Well obviously you don't ignore the error and continue, and I'm pretty sure gparted already does halt if the sync fails rather than try to run tools on a partition that is not properly synced. If it doesn't that would certainly be a bug that should be fixed, rather than trying to mask it by doing a "test run" sync first, since things can change between then and when you go to do the move. It makes sense to leave the table in the new state if that is the final intended state, but not if it is only a temporary state, such as the union partition used during the move. In that case, it makes sense to roll back, and that is what gparted currently does if there is an error during the actual data move, so it should do the same ( if it doesn't already ) if syncing the table prior to starting the move fails.
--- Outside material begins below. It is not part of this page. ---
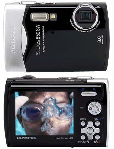 The attractive ultra-compact water, shock and shockproof 8-megapixel Stylus 850 SW is perfect for those who love to take their camera outdoors without having to baby it. The camera can take a beating and you can even use it underwater, down to a depth of ten feet. It has the same features as standard consumer models, which means it is useful anywhere and not just as a sports camera. We like the internal zoom, the excellent 2.5-inch LCD with its very wide viewing angle. Keep in mind that if you want a camera you can take diving without a housing or one that is crush-proof as well, you need the older Stylus 770 or the new Stylus 1030. But if you just want something waterproof, the less expensive 850 SW is just right.

> Well obviously you don't ignore the error and continue, and I'm pretty > sure gparted already does halt if the sync fails rather than try to run > tools on a partition that is not properly synced. Yes, I agree. If a user disregards the kernel reread failure error and proceeds, then they must accept the consequences. I also believe that GParted correctly halts when the kernel reread failure occurs. I believe intention of first checking is to prevent users from resize/move actions on a device that demonstrates a kernel reread failure. Without this prevention, a user could apply a resize/move operation and would not discover the problem until GParted runs into the error while applying the operation. In this situation, no data should be lost, but the user does have to wait while GParted tries the operation and then finally fails. I guess it boils down to how we want GParted to function. Should gparted: A) let the user queue a resize/move operation and wait until it fails while applying becuase the kernel cannot reread the partition table? Or, B) prevent the user from queuing a resize/move operation because we already know the kernel cannot reread the partition table?
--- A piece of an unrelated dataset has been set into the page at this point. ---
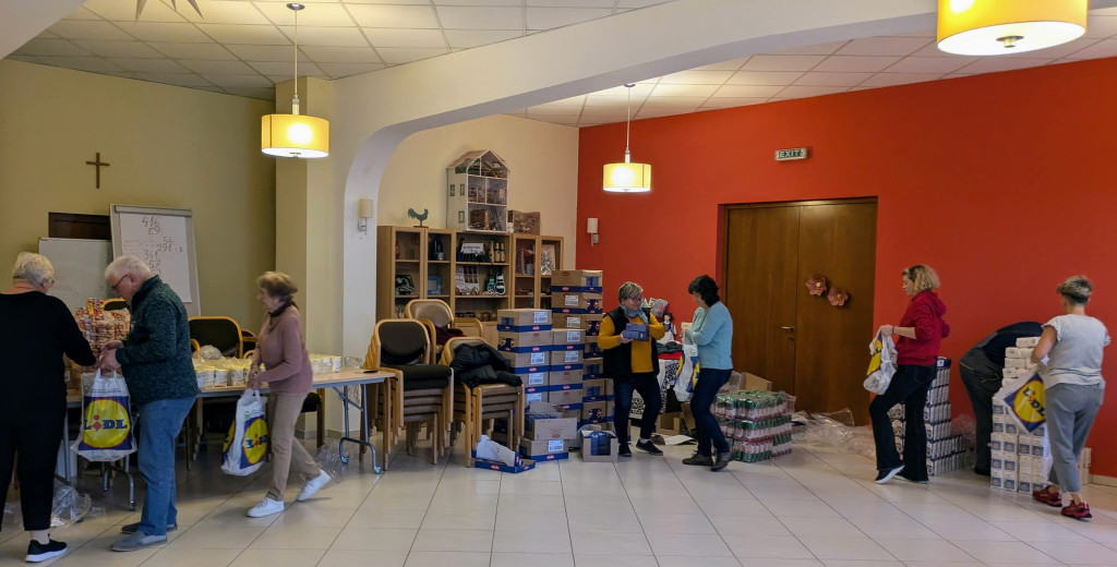Auch in diesem Jahr haben wir – Irmgard Conrad und 4 weitere Mitarbeiter der Rumänienhilfe – die Freunde in Mediasch zum Erntedankfest besucht. Die Kirchengemeinden im Bezirk Mediasch und der Diakonieverein nahmen uns sehr herzlich auf, und wir konnten unsere Freundschaft mit der bekannten Hilfsaktion unterstreichen. Dabei wurden dieses Mal 230 Lebensmittelpackungen zusammengestellt und an Bedürftige in der Gemeinde verteilt.

It's a big hammer, but wrapping some sections with: udevadm control --stop-exec-queue udevadm control --start-exec-queue would work; once the device is locked by an invoked tool or the kernel you can leave the critical section.
The patches to address this report have been included in GParted 0.16.2 released on September 18, 2013.
There's now a sane API for this in current udev, and gparted should be adapted to make use of it: simply take a BSD file lock on the main device node of the device in LOCK_EX. udev will also lock the device, and will skip processing it if it cannot get it. Also, udev watches when a process closes the device node after write, and then retrigger the device. Putting this together this is a very simple and natural way to make sure partitioners and udev rule processing don't interfere. Note that you need to take the lock on the "main" device node ("/dev/sda"), i.e. not the partition device nodes ("/dev/sda5").